Zobacz też pierwszą część rozmowy z Anną Wojtachą: Rosja potrafi być kompletnie nieobliczalna
Według reporterki istnieje wiele analogii w działaniu Rosjan w Czeczenii i na Ukrainie. - Pierwsza analogia, która się nasuwa to udawanie: "nas tam nie ma i tam nie ma wojny". Putin, który mówi: "jacy Rosjanie na Ukrainie, przecież tam nie ma naszego wojska". A 40 tys. żołnierzy jest przygotowanych i stoi u bram. No i taka wojna, która jest w dużej mierze wojną partyzancką - wymienia korespondentka.
Wojtacha zdradza, że rosyjski reżim nie raz odczuła na swojej skórze . - To nie jest kraj sprzyjający dziennikarzom. Szczególnie dziennikarzom zagranicznym i mediów opozycyjnych - podkreśla. W trakcie robienia zdjęć na manifestacji Matek Biesłanu dziennikarka została pobita przez funkcjonariusza OMON-u. - Jeżeli robi się zdjęcia w nieodpowiednim momencie, to się dziennikarzowi daje przez plecy dwa razy gumową pałką, zabiera się aparat, kasuje zdjęcia i tyle - tłumaczy.
Zdaniem rozmówczyni WP "w Rosji mamy do czynienia nie z demokracją, tylko z demokratyzmem w wykonaniu prezydenta Putina. Teoretycznie nikomu się krzywda nie dzieje, ludzie chodzą do pracy. W Rosji są nawet wybory, które wiadomo od początku, kto wygra, ale są. A Putin nie robi nawet spotów wyborczych. Powiedział, że nie będzie się pojawiał między snickersami a podpaskami. Nie będzie się do tego przecież zniżał".

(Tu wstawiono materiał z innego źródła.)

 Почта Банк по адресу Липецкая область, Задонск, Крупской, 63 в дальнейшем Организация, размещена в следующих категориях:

Korespondentka wspomina także swoją znajomość z członkiem rosyjskich sił specjalnych: - Ja się zakochałam w snajperze specnazu, który jeździł do Czeczeni, a wiadomo, jakie ja mam zdanie na temat tego, co się działo w tym kraju. Zawsze krytykowałam za to Putina i głośno krzyczałam, że w Czeczeni dochodzi do ludobójstwa. Więc to jest po prostu chichot losu, że tak się stało. To faktycznie taki romans, który mi trochę życie do góry nogami wywrócił" - zdradza Wirtualnej Polsce.

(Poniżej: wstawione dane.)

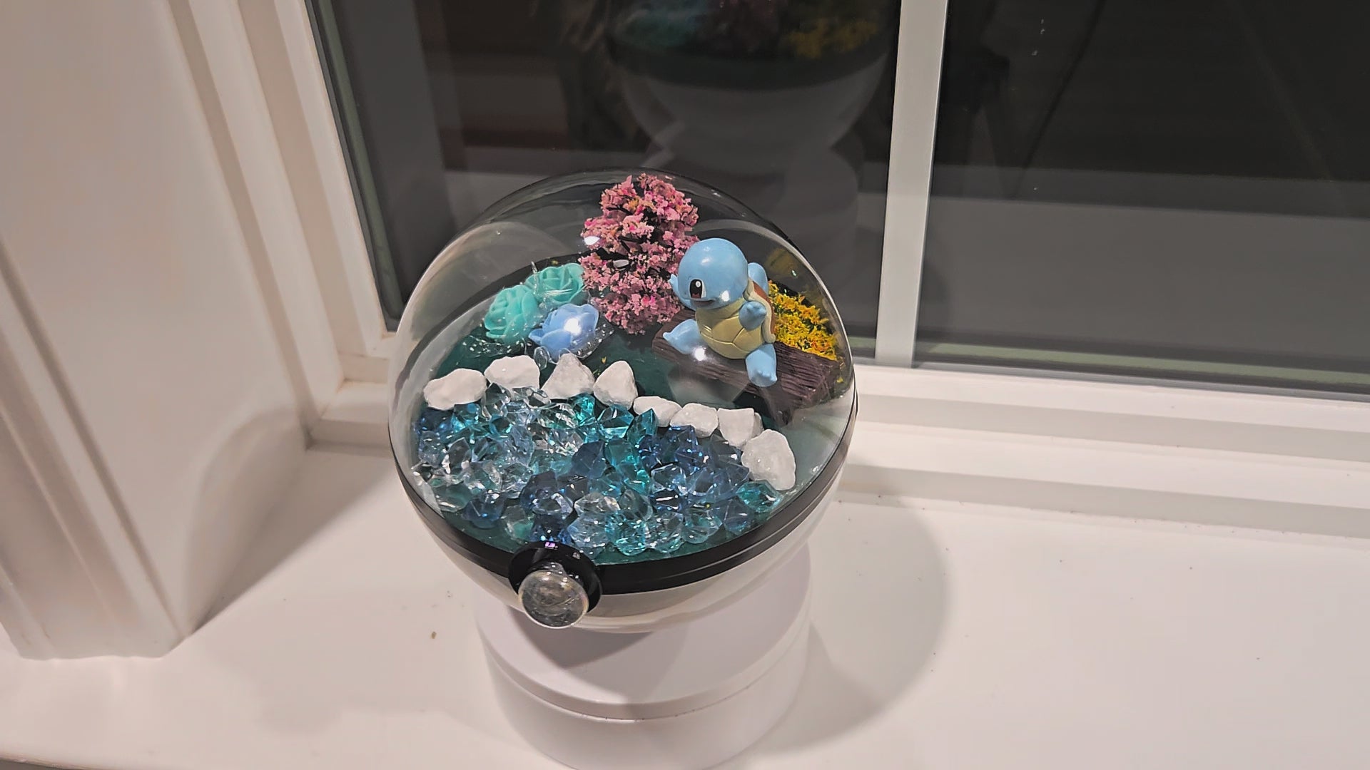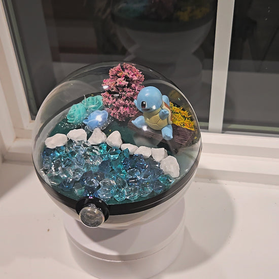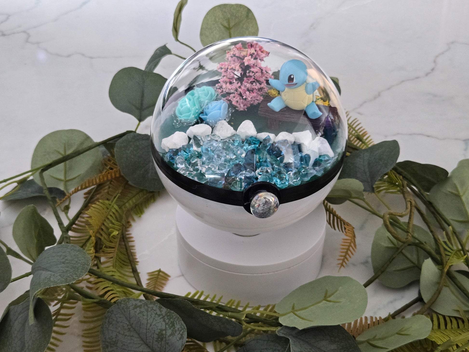 Lovingly handcrafted with a mix of natural stones, crystals, and faux plants, this miniature world captures the calm spirit of everyone’s favorite Water-type starter. It’s the perfect gift for Pokémon fans, gamers, and collectors who love a blend of nature and nostalgia!

Anna Wojtacha - dziennikarka, korespondentka wojenna. Relacjonowała konflikty zbrojne w Iraku, Afganistanie, Gruzji, Izraelu i Strefie Gazy, Czadzie, a także zamachy terrorystyczne w Indiach oraz przewrót rządowy w Tajlandii. Od lat zafascynowana Rosją. 8 kwietnia nakładem Wydawnictwa Znak ukaże się książka "Zabijemy albo pokochamy. Opowieści z Rosji".